## [Instructions for the task]
Your copy should match the entries exactly, with the pictures left out.

Entries taken from a collection:
──────
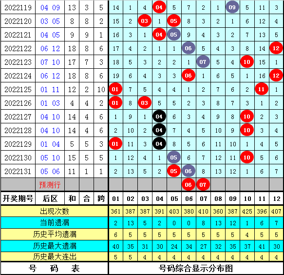 5、后区分析:上期后区奖号为:05和06,开出小小组合和奇偶组合,本期看好大小号持平,预计奇偶号平衡,两码看好07、06。
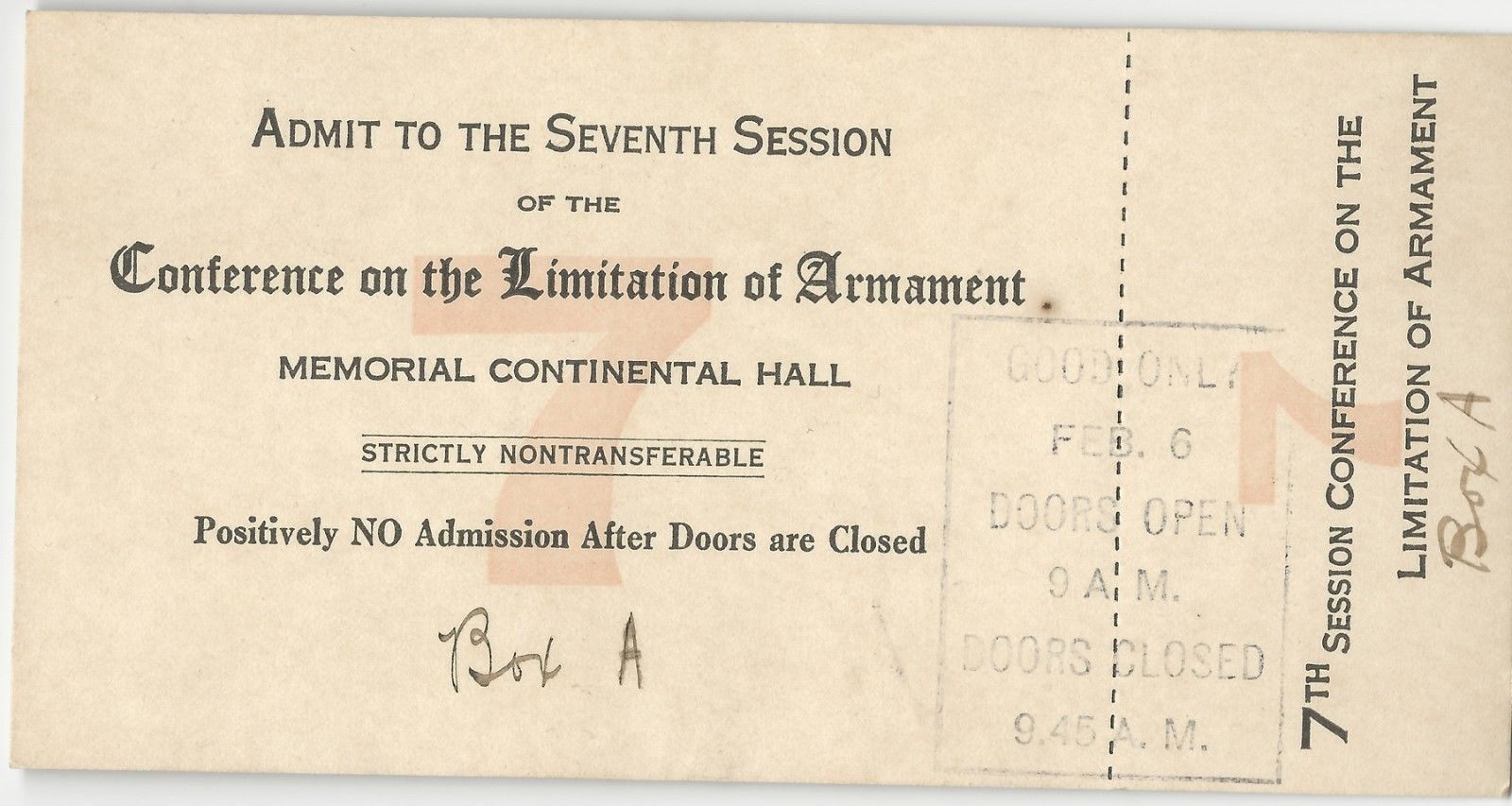 Unused Ticket 7th Session Disarmament Conference Sponsored by Warren Harding
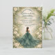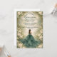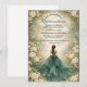 This elegant quinceañera design features a soft emerald green watercolor background framed by romantic ivory roses, delicate greenery, and subtle gold accents, with a graceful gown illustration creating a refined, enchanted garden atmosphere. The rich green palette combined with classic florals gives the design a luxurious yet youthful feel, perfect for a timeless quinceañera celebration with a romantic, nature-inspired aesthetic.
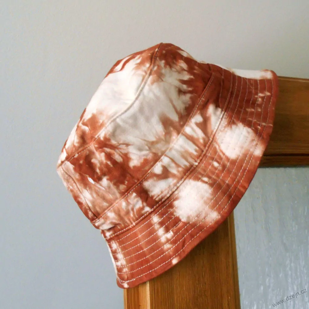Bavlněný původně bílý klobouček je batikovaný hnědou barvou, na vnitřní straně je kolem dokola proužek ze savého materiálu, po obvodu jsou čtyři větrací otvory obšité bílou nití.
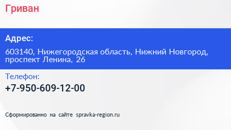 Гриван по адресу 603140, Нижегородская область, Нижний Новгород, проспект Ленина, 26 в дальнейшем Организация, размещена в следующих категориях:
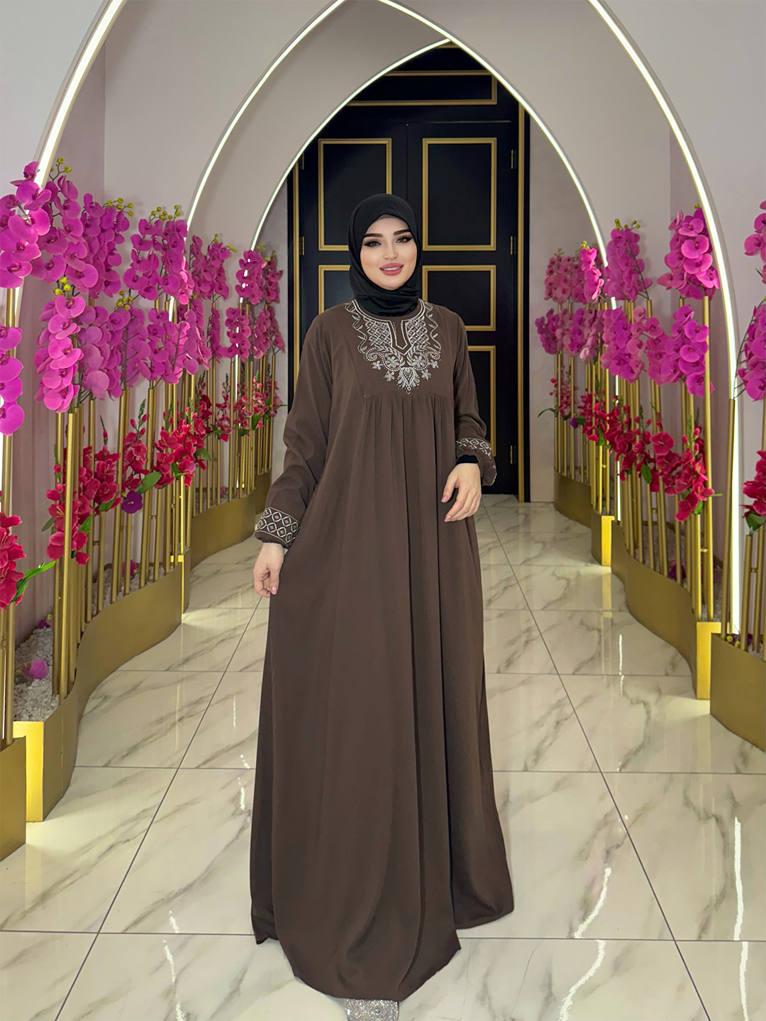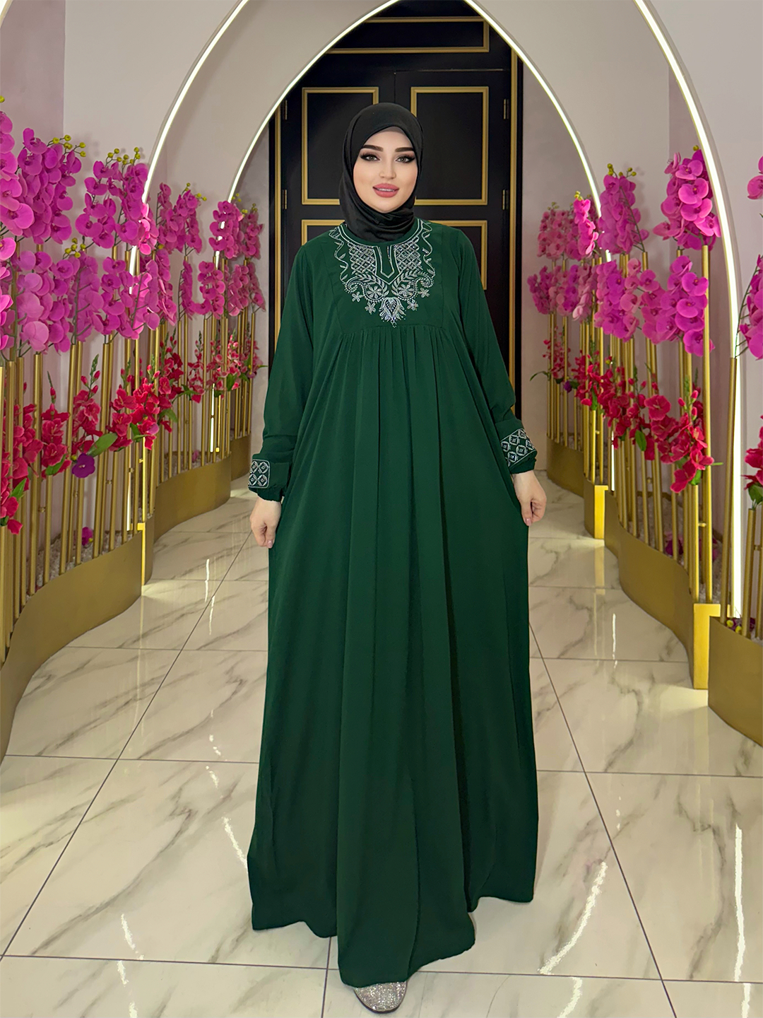 Ushbu ayollar uchun mo‘ljallangan qora abaya zamonaviy va nafis dizayni bilan ajralib turadi. Old qismidagi va yenglaridagi chiroyli kashta naqshlari kiyimga o‘ziga xos joziba bag‘ishlaydi. Kundalik kiyimda ham, maxsus tadbirlarda ham kiyish uchun juda qulay.
──────
## [Result of the exercise]
 5、后区分析:上期后区奖号为:05和06,开出小小组合和奇偶组合,本期看好大小号持平,预计奇偶号平衡,两码看好07、06。
 Unused Ticket 7th Session Disarmament Conference Sponsored by Warren Harding
 This elegant quinceañera design features a soft emerald green watercolor background framed by romantic ivory roses, delicate greenery, and subtle gold accents, with a graceful gown illustration creating a refined, enchanted garden atmosphere. The rich green palette combined with classic florals gives the design a luxurious yet youthful feel, perfect for a timeless quinceañera celebration with a romantic, nature-inspired aesthetic.
Bavlněný původně bílý klobouček je batikovaný hnědou barvou, na vnitřní straně je kolem dokola proužek ze savého materiálu, po obvodu jsou čtyři větrací otvory obšité bílou nití.
 Гриван по адресу 603140, Нижегородская область, Нижний Новгород, проспект Ленина, 26 в дальнейшем Организация, размещена в следующих категориях:
 Ushbu ayollar uchun mo‘ljallangan qora abaya zamonaviy va nafis dizayni bilan ajralib turadi. Old qismidagi va yenglaridagi chiroyli kashta naqshlari kiyimga o‘ziga xos joziba bag‘ishlaydi. Kundalik kiyimda ham, maxsus tadbirlarda ham kiyish uchun juda qulay.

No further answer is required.